YOUR OBJECTIVE:
As the answer, give exactly the lines of the records below from the one with "Practitioners have used" through the one with "More over when", ends included and pictures left out.

RECORDS:
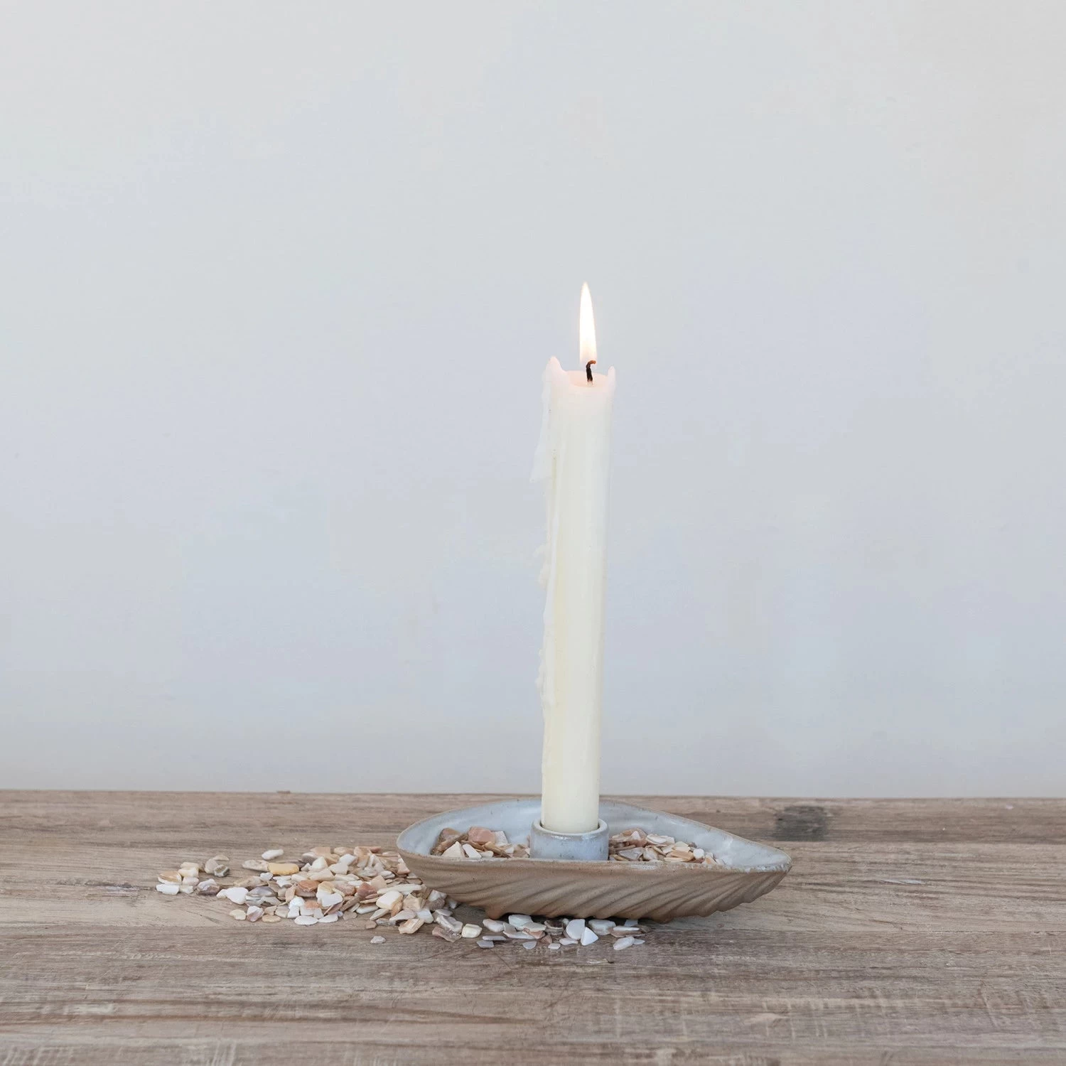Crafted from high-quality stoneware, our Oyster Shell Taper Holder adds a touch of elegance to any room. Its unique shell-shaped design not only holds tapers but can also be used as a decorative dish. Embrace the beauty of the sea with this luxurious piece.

--

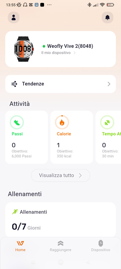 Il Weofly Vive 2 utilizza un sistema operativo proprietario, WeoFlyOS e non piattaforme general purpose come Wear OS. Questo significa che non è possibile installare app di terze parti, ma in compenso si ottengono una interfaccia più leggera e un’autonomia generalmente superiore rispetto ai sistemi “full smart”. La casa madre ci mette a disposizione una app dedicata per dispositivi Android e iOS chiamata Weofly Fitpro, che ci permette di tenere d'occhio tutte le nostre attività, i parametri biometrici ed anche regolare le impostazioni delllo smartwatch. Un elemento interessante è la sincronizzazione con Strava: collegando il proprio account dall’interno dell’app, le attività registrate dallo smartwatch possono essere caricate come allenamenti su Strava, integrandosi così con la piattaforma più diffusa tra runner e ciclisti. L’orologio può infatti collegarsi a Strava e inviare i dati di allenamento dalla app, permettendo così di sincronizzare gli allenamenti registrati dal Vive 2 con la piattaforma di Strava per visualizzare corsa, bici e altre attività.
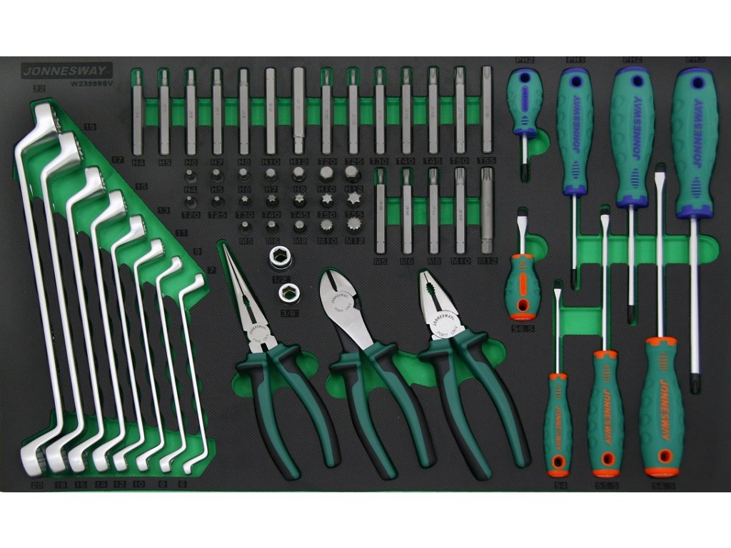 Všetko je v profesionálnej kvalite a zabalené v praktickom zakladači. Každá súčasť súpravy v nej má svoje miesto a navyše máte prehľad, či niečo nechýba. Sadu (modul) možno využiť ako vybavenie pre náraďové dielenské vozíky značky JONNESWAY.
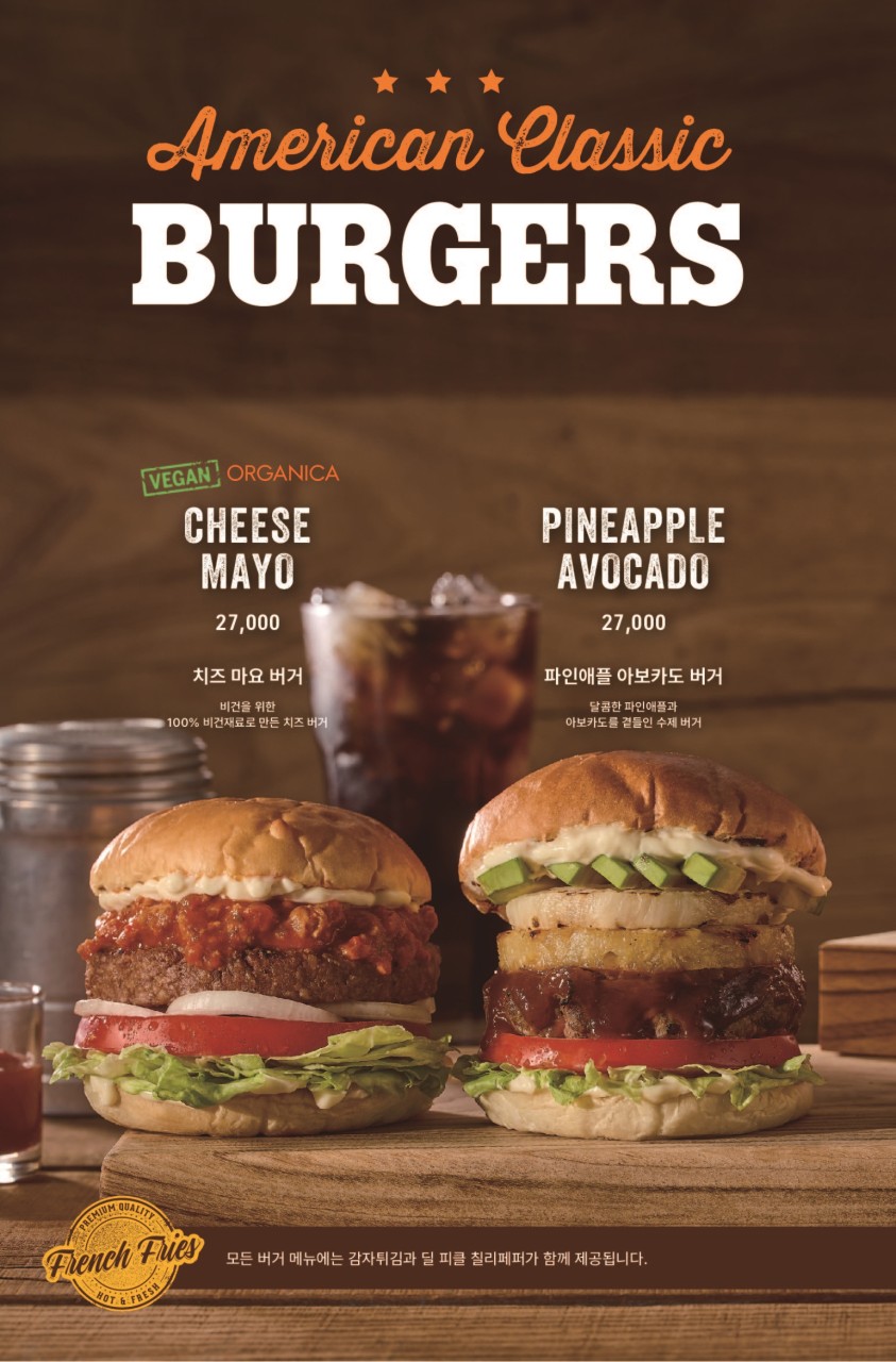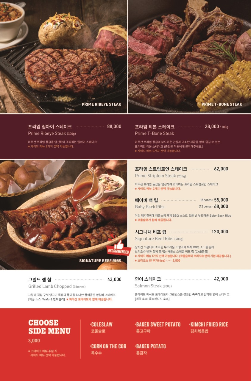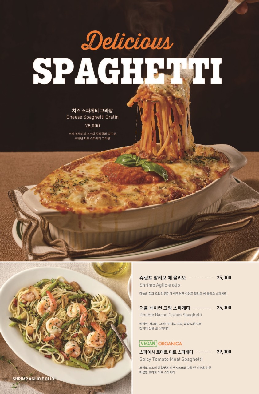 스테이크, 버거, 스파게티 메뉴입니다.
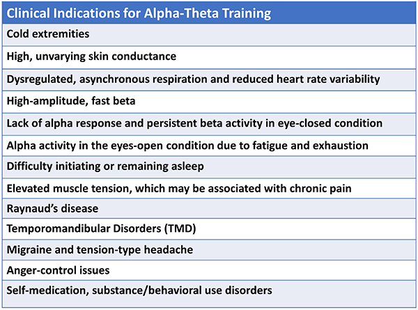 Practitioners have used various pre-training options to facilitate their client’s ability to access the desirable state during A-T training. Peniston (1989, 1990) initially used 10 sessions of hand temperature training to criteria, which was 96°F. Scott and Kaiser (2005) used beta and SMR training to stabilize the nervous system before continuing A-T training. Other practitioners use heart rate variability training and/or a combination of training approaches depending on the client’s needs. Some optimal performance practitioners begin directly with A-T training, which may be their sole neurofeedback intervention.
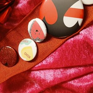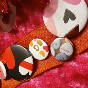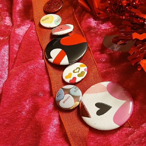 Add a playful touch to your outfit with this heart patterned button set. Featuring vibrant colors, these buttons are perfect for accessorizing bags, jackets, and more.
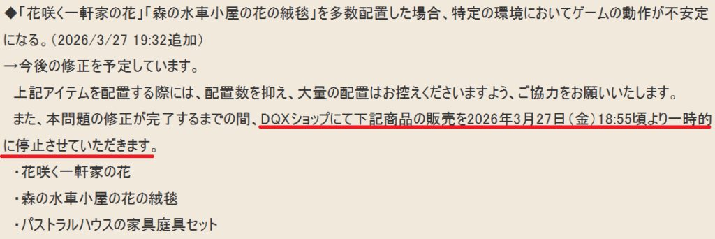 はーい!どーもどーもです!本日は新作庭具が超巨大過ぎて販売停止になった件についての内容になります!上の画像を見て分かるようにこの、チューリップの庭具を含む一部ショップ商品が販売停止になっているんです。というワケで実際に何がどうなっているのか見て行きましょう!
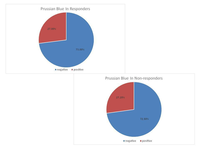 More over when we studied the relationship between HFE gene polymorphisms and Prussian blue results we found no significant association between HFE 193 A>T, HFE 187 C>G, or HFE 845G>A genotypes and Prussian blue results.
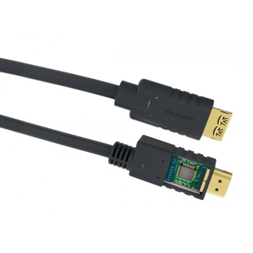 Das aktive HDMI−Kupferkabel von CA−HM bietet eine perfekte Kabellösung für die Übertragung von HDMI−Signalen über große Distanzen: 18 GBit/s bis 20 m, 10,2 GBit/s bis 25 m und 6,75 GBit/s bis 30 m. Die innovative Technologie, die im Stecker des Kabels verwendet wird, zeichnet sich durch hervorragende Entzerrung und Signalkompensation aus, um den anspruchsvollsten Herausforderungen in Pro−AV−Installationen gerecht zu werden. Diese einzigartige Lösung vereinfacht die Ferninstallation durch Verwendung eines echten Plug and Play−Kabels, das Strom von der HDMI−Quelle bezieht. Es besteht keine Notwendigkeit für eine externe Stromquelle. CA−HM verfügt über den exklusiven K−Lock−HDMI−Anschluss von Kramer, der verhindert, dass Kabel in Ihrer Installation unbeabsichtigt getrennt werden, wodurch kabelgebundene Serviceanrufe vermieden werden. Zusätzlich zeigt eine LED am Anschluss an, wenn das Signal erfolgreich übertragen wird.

RESPONSE TO THE EXERCISE:
 Practitioners have used various pre-training options to facilitate their client’s ability to access the desirable state during A-T training. Peniston (1989, 1990) initially used 10 sessions of hand temperature training to criteria, which was 96°F. Scott and Kaiser (2005) used beta and SMR training to stabilize the nervous system before continuing A-T training. Other practitioners use heart rate variability training and/or a combination of training approaches depending on the client’s needs. Some optimal performance practitioners begin directly with A-T training, which may be their sole neurofeedback intervention.
 Add a playful touch to your outfit with this heart patterned button set. Featuring vibrant colors, these buttons are perfect for accessorizing bags, jackets, and more.
 はーい!どーもどーもです!本日は新作庭具が超巨大過ぎて販売停止になった件についての内容になります!上の画像を見て分かるようにこの、チューリップの庭具を含む一部ショップ商品が販売停止になっているんです。というワケで実際に何がどうなっているのか見て行きましょう!
 More over when we studied the relationship between HFE gene polymorphisms and Prussian blue results we found no significant association between HFE 193 A>T, HFE 187 C>G, or HFE 845G>A genotypes and Prussian blue results.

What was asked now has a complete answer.